§ Provided entries
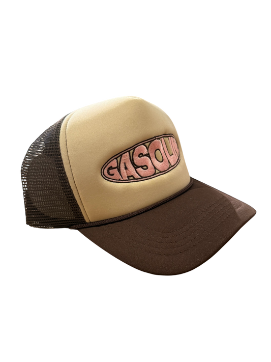 Gasoline USA Oval Trucker Hat TAN/BRWN/PINK colorway
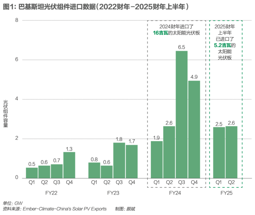 2024財年(巴基斯坦納稅年度,2023年7月1日至2024年6月30日),巴基斯坦進口了約16吉瓦光伏組件,這一規(guī)模相當于該國截至2024年6月總發(fā)電裝機量(45吉瓦)的近三分之一。15吉瓦組件中,只有0.63吉瓦用于集中式光伏,其他都是分布式光伏。
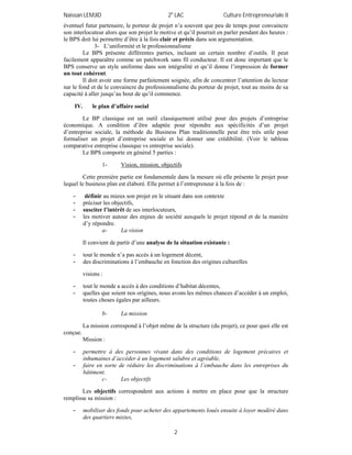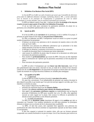 Le document décrit le business plan social (BPS) comme un cadre d'analyse permettant de structurer un projet entrepreneurial en cohérence avec la mission de son organisation, favorisant ainsi la création de valeur économique et sociale. Il souligne l'importance de l'objectivité, de la clarté et du professionnalisme dans l'élaboration du BPS pour convaincre les partenaires potentiels et garantir la viabilité du projet. Le BPS se compose de plusieurs parties essentielles, notamment la définition de la vision, mission et objectifs, ainsi qu'une analyse de l'opportunité et une stratégie économique.
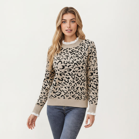 Anna-Kaci Women's Leopard Print Knit Sweater with Ribbed Trim and Long Sleeves
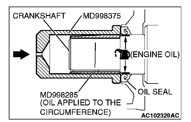 1. Apply a small amount of engine oil to the outer diameter of special tool MD998285 and install it to the crankshaft.
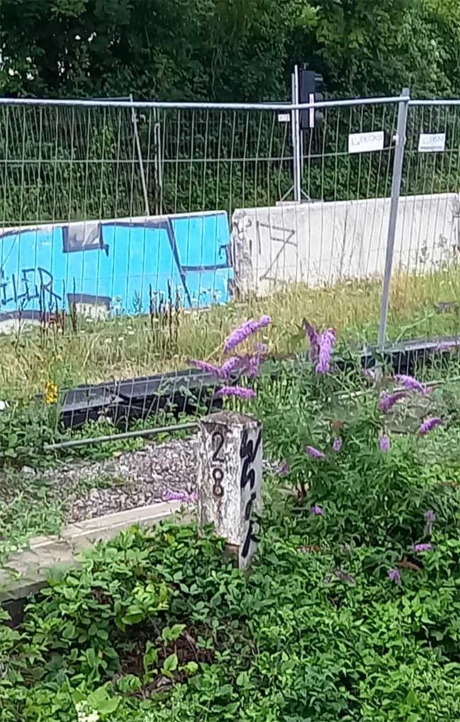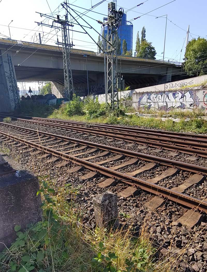 km 39,80 der Strecke Marbach (Neckar) 0,0 - Heilbronn Süd 34,25 - Abzw Pfühl 37,05 - (Heilbronn Hbf 39,80) Spurweite 750 mm, teilweise Dreischienen-Gleis
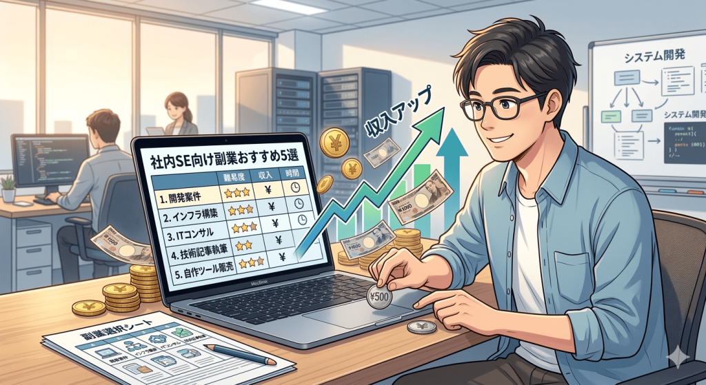 社内SE向け副業おすすめ5選!難易度と収入を徹底比較
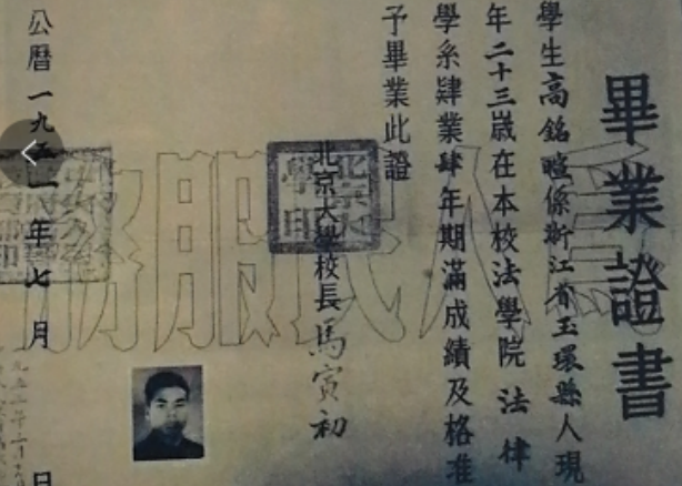 1949年9月,由于浙江大学法学院被迫停办,浙江大学法学院院长李浩培将高铭暄推荐到北京大学继续学习。图为1951年7月高铭暄从北京大学法学院法律学系毕业的证书。
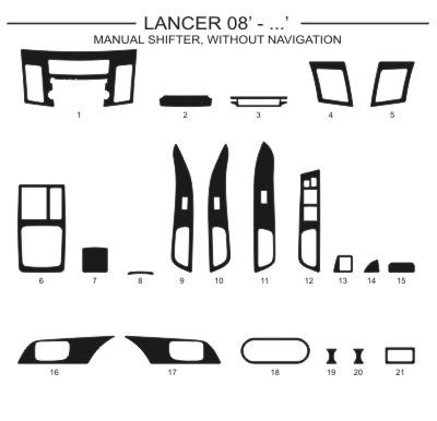 Dekor interiéru Mitsibishi Lancer 2008-, manuální řazení, bez navigace, Al hliník
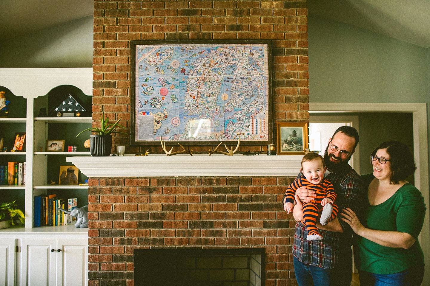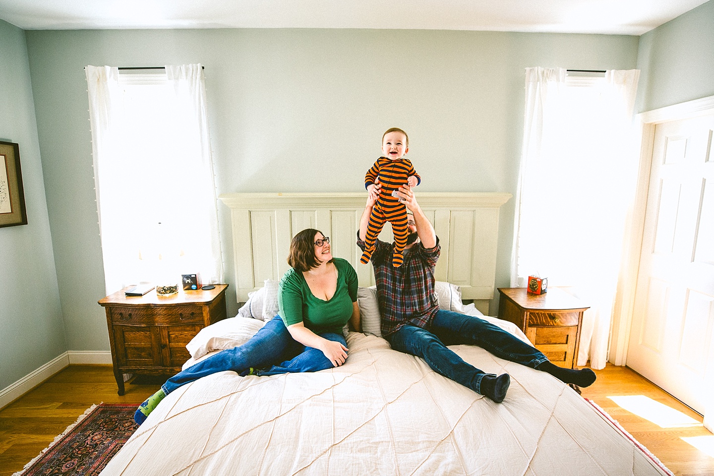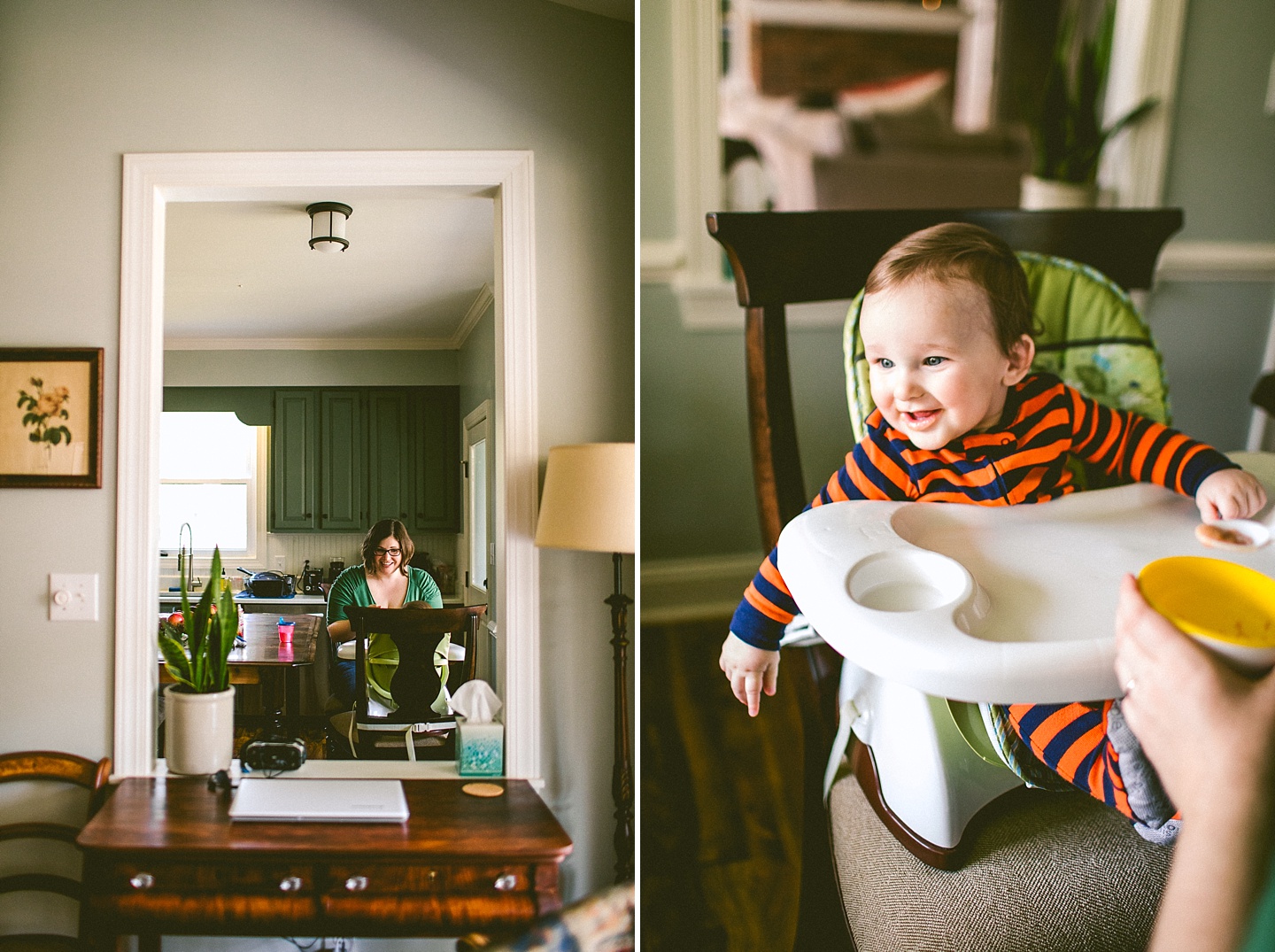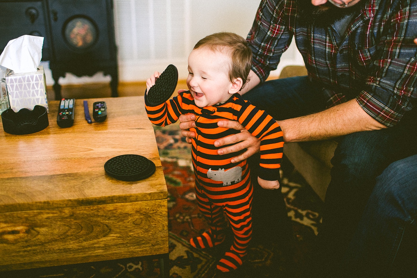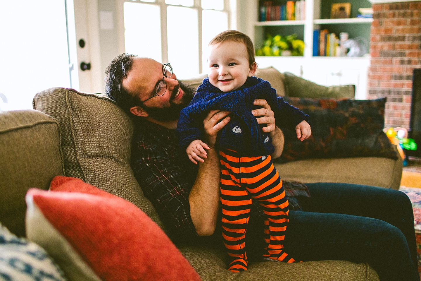 Doing at-home lifestyle family documentation is normally a very fun thing to do, but it becomes even more fun when the family is British and have fun accents, and when their 3-year-old daughter makes you tea. Clare and Dan live in a phenomenal old neighborhood in Durham that reminds me a bit of my old ‘hood in Pittsburgh. And their house is adorable, bright, fun, and 100% complete with KISS Mr. Potato Head dolls. They moved from the UK to America several years ago and first landed in Los Angeles, and then hopped across the US to land in Durham. From across the pond they bring with them their wonderful senses of humor but also the knowledge of this British kid’s television show involving a cute monster-looking guy whose name currently escapes me but was reminiscent in the best ways of My Pet Monster (which was brilliant). Harper likes this monster, but also Daniel Tiger and Peppa Pig, and also occasionally snacking on goldfish crackers straight off the pond on top of the dollhouse that Clare painstakingly made her. Baby Lyla is happy and sleepy, and not yet appreciative of all of Clare’s household crafts (of which there are many fabulous ones!). I had a great time hanging out with this family and learning such phrases like being “duffed up on the nugget.”
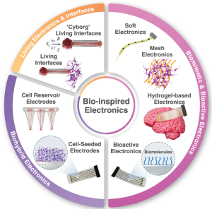Schematic overview of emerging strategies for bio-inspired electronics and neural interfaces
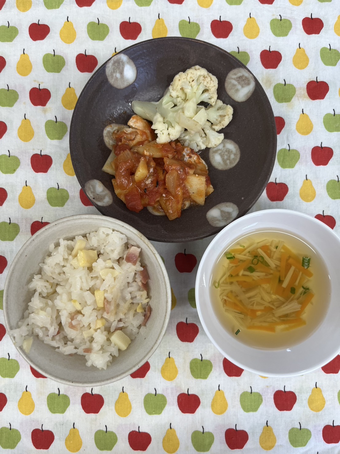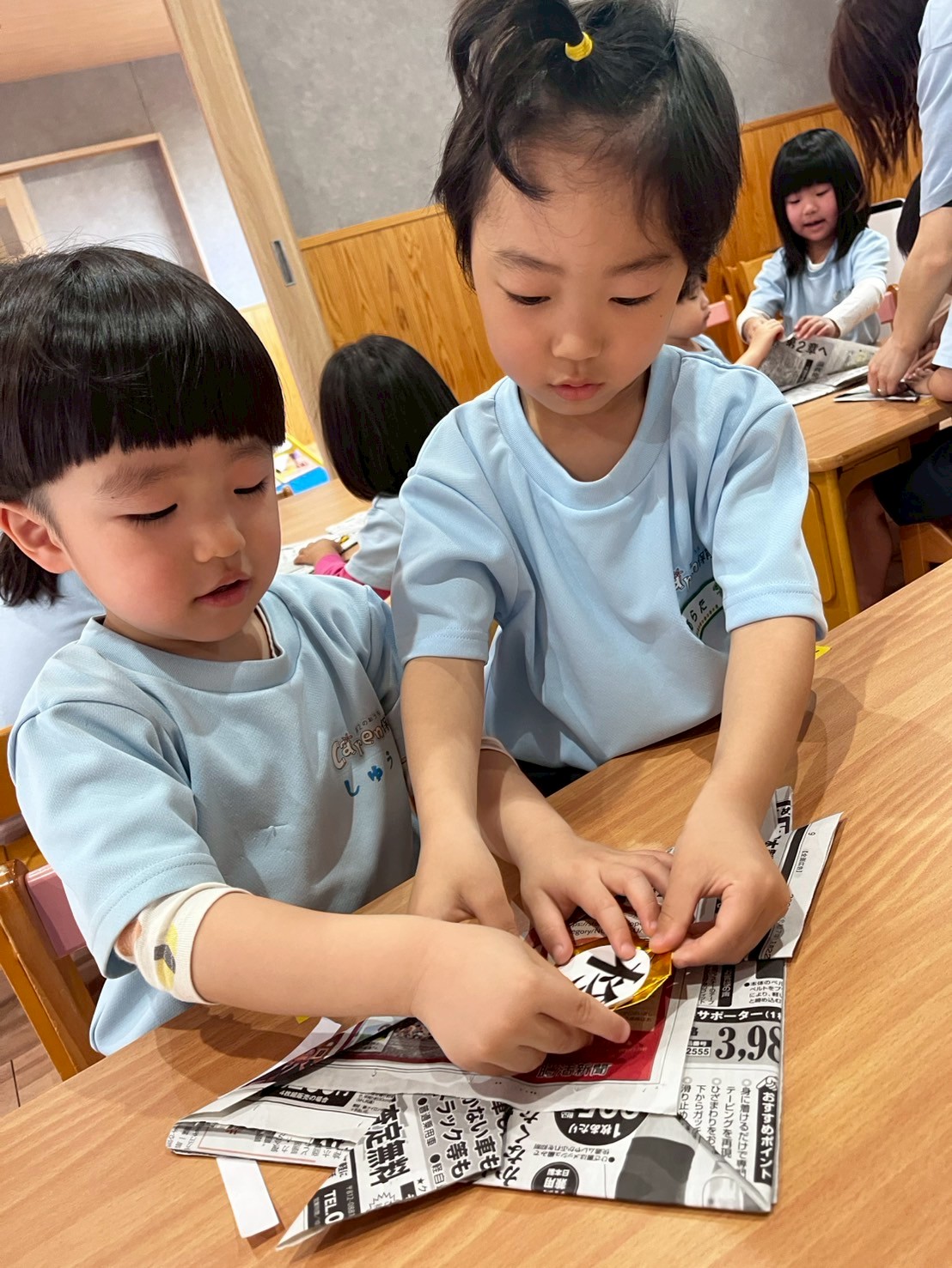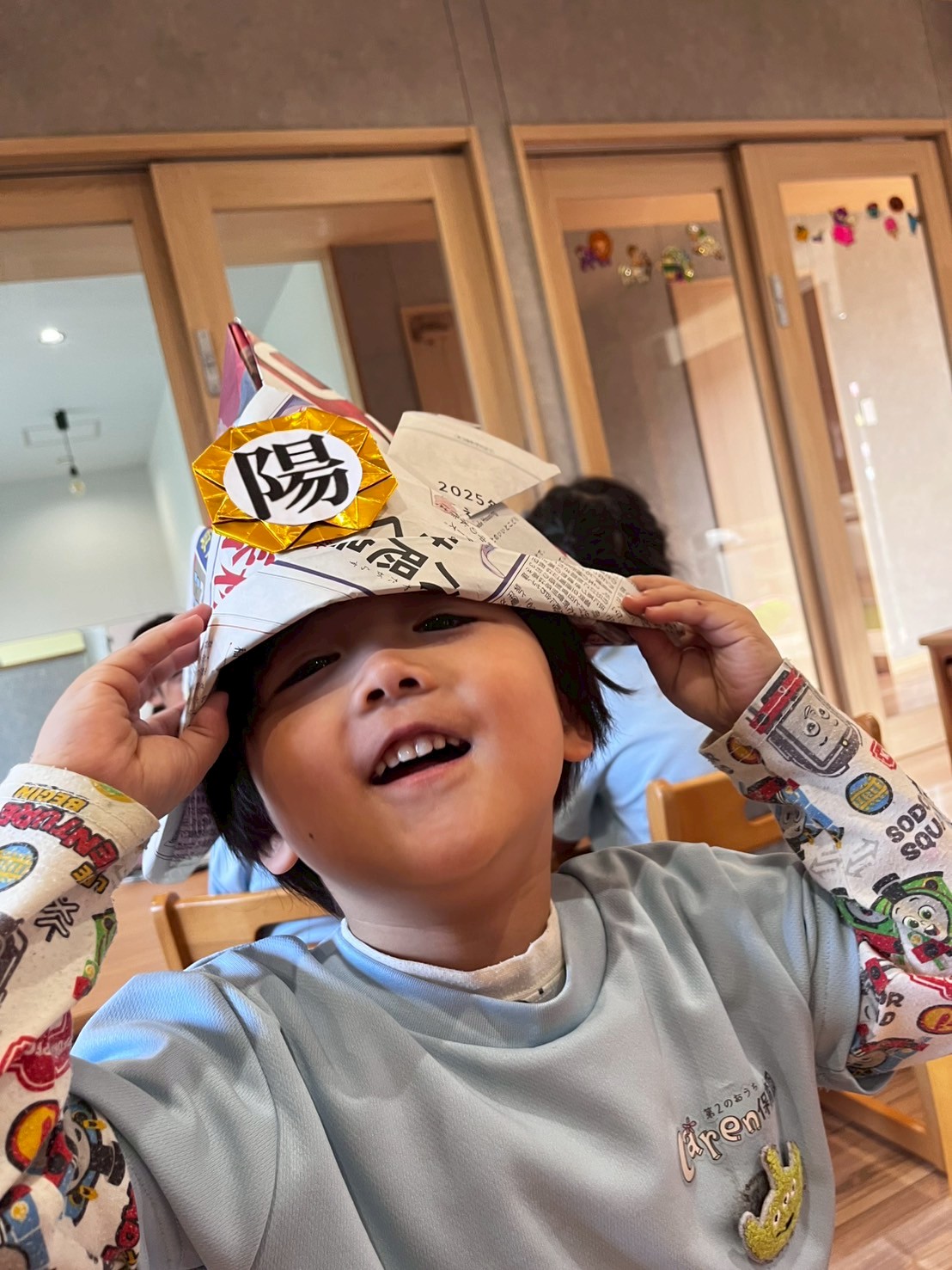 端午の節句🎏に向けて新聞紙で兜を作りました✨保育者の説明を聞きながら折り進め、名前の漢字が貼ってあるメダルやシールなどで兜を飾り、自分だけの兜を完成させました🥰うさぎ組が兜を作る時は、きりん組が隣で手伝ってくれました😚💕【くりえいと園の今日の給食です】

§ Work order
Exclude the pictures, and output exactly the lines from the one with "社内SE向け副業おすすめ5選!難易度と収入を徹底比較" through the last line of the records, both included.

§ Written solution
 社内SE向け副業おすすめ5選!難易度と収入を徹底比較
 1949年9月,由于浙江大学法学院被迫停办,浙江大学法学院院长李浩培将高铭暄推荐到北京大学继续学习。图为1951年7月高铭暄从北京大学法学院法律学系毕业的证书。
 Dekor interiéru Mitsibishi Lancer 2008-, manuální řazení, bez navigace, Al hliník
 Doing at-home lifestyle family documentation is normally a very fun thing to do, but it becomes even more fun when the family is British and have fun accents, and when their 3-year-old daughter makes you tea. Clare and Dan live in a phenomenal old neighborhood in Durham that reminds me a bit of my old ‘hood in Pittsburgh. And their house is adorable, bright, fun, and 100% complete with KISS Mr. Potato Head dolls. They moved from the UK to America several years ago and first landed in Los Angeles, and then hopped across the US to land in Durham. From across the pond they bring with them their wonderful senses of humor but also the knowledge of this British kid’s television show involving a cute monster-looking guy whose name currently escapes me but was reminiscent in the best ways of My Pet Monster (which was brilliant). Harper likes this monster, but also Daniel Tiger and Peppa Pig, and also occasionally snacking on goldfish crackers straight off the pond on top of the dollhouse that Clare painstakingly made her. Baby Lyla is happy and sleepy, and not yet appreciative of all of Clare’s household crafts (of which there are many fabulous ones!). I had a great time hanging out with this family and learning such phrases like being “duffed up on the nugget.”
Schematic overview of emerging strategies for bio-inspired electronics and neural interfaces
 端午の節句🎏に向けて新聞紙で兜を作りました✨保育者の説明を聞きながら折り進め、名前の漢字が貼ってあるメダルやシールなどで兜を飾り、自分だけの兜を完成させました🥰うさぎ組が兜を作る時は、きりん組が隣で手伝ってくれました😚💕【くりえいと園の今日の給食です】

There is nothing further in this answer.